Acai berries are known for their striking deep purple hue. Their mild, not-sweet-at-all taste make them the perfect base for smoothie bowls topped with oats, coconut shavings, and other antioxidant-rich berries. The Brazilian “superfruit” is only increasing in popularity—not just in the U.S., but throughout the world—thanks to its considerable health benefits.
Here’s everything you need to know about the nutrient-dense fruit, including acai berry benefits, nutrition facts, risks, and acai berry recipes.

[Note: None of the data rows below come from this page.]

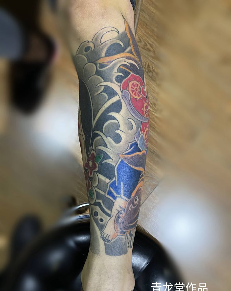 • T网红王老大花腿龙纹身图片_腿部新传统纹身图案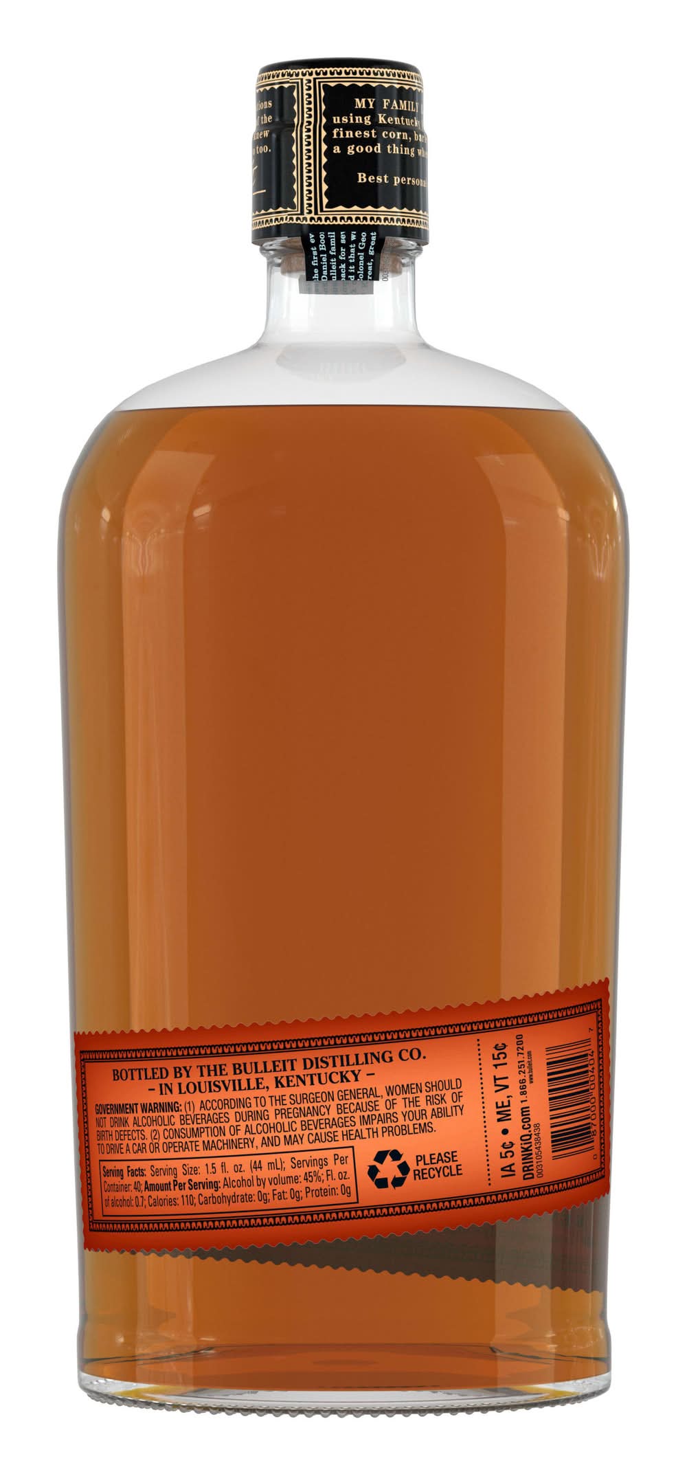 It is inspired by the whiskey that was pioneered over 150 years ago. Only ingredients of the very highest quality are used. The complexity of Bourbon comes from its unique blend of rye, corn, and barley malt, along with special strains of yeast and pure Kentucky limestone filtered water. Due to its especially high rye content, Bourbon has a bold, spicy character with a finish that's distinctively clean and smooth. Medium amber in color, with gentle spiciness and sweet oak aromas, the mid palate is smooth with tones of maple, oak, and nutmeg. The finish is long, dry, and satiny with a light-tasting toffee flavor that lingers long after the final sip. • Alcohol by volume: 45% • Packaging: Reusable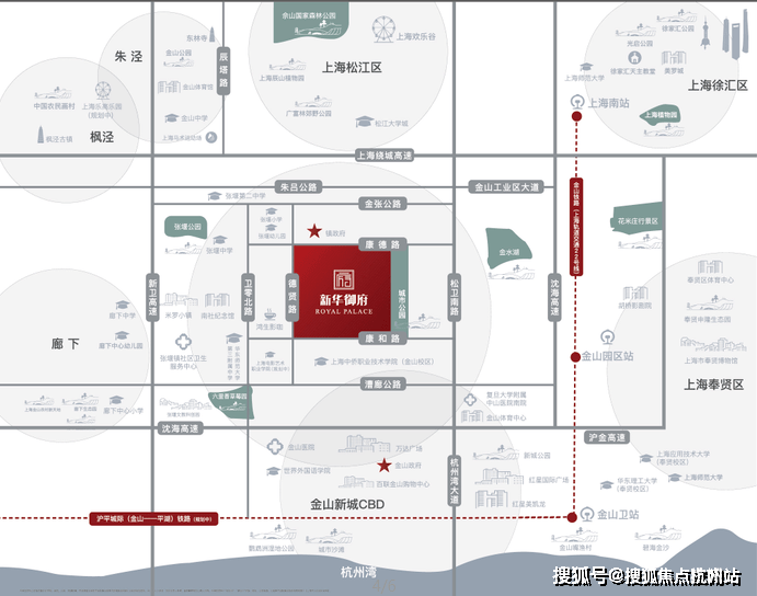 从上图可以看出,今年重磅出台的大虹桥战略,在南向拓展带上,上海对接杭州湾的正是金山。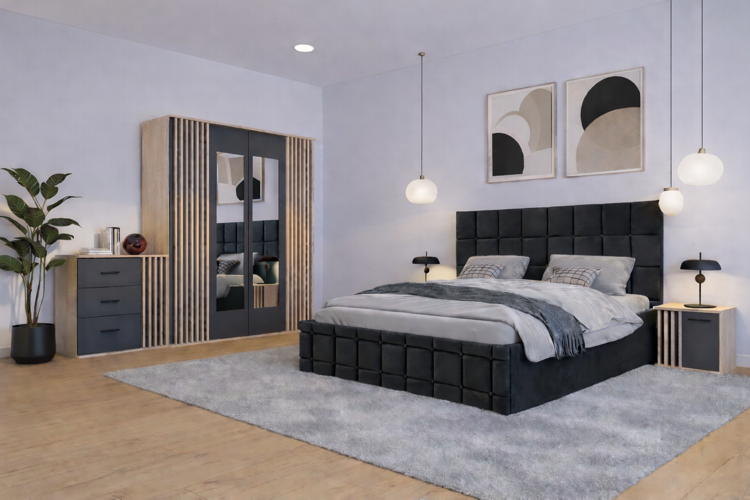 Dormitor Dallas Cu Pat Regal Tapitat

Where do acai berries grow?
The berry with a funny name (pronounced ah-sah-EE) grows on palm trees in tropical Central and South America, according to the National Center for Complementary and Integrative Health (NCCIH). A longtime diet staple among indigenous people in the Amazon region, the acai has become something of an “it” food in the U.S.
“Because the fruit contains a pit, it is technically a drupe—a fleshy fruit with thin skin and a central stone containing a seed,” says nutritional psychiatrist Umadevi Naidoo, MD, the director of nutritional and lifestyle psychiatry at Massachusetts General Hospital and author of This is Your Brain on Food. Peaches, plums, olives, and cherries are all drupes.
For safe consumption, the outer skin of an acai berry is first soaked to soften it and then mashed to make a paste.
You won’t find fresh acai berries in the produce section of your local grocery store. “The ‘berries’ are fragile and don’t last, so they are frequently exported as frozen fruit puree, powder, or juice,” says Dr. Naidoo. (Here’s what you need to know about chicha morada, a purple corn drink from the Andes.)
Acai berry nutrition facts
According to Sambazon, a certified organic and fair trade acai company, a 100-gram serving of pure unsweetened acai puree contains the following:
Fat: 5 g (6% DV)
Fiber: 3 g (11% DV)
Protein: 1 g
Carbs: 4 g (1% DV)
Calcium: 23 mg (2% DV)
Potassium: 121 mg (2% DV)
Vitamin A: 26 mcg (2% DV)
Are acai berries good for you?
The short answer is: Yes. Acai’s rich, purple hue is a sign that it contains anthocyanins, antioxidant compounds that may help protect against various diseases.
“What’s interesting about antioxidants is that not only do they help prevent free radical damage from pollution and other everyday stressors, they can also prevent free radicals from doing damage to DNA, which is what leads to cancer and causes aging,” says Emmaline Rasmussen, RDN, a registered dietitian nutritionist in Chicago.
Acai alone won’t prevent health problems—it’s only one fruit—but it can be part of a diet that keeps your cells healthy.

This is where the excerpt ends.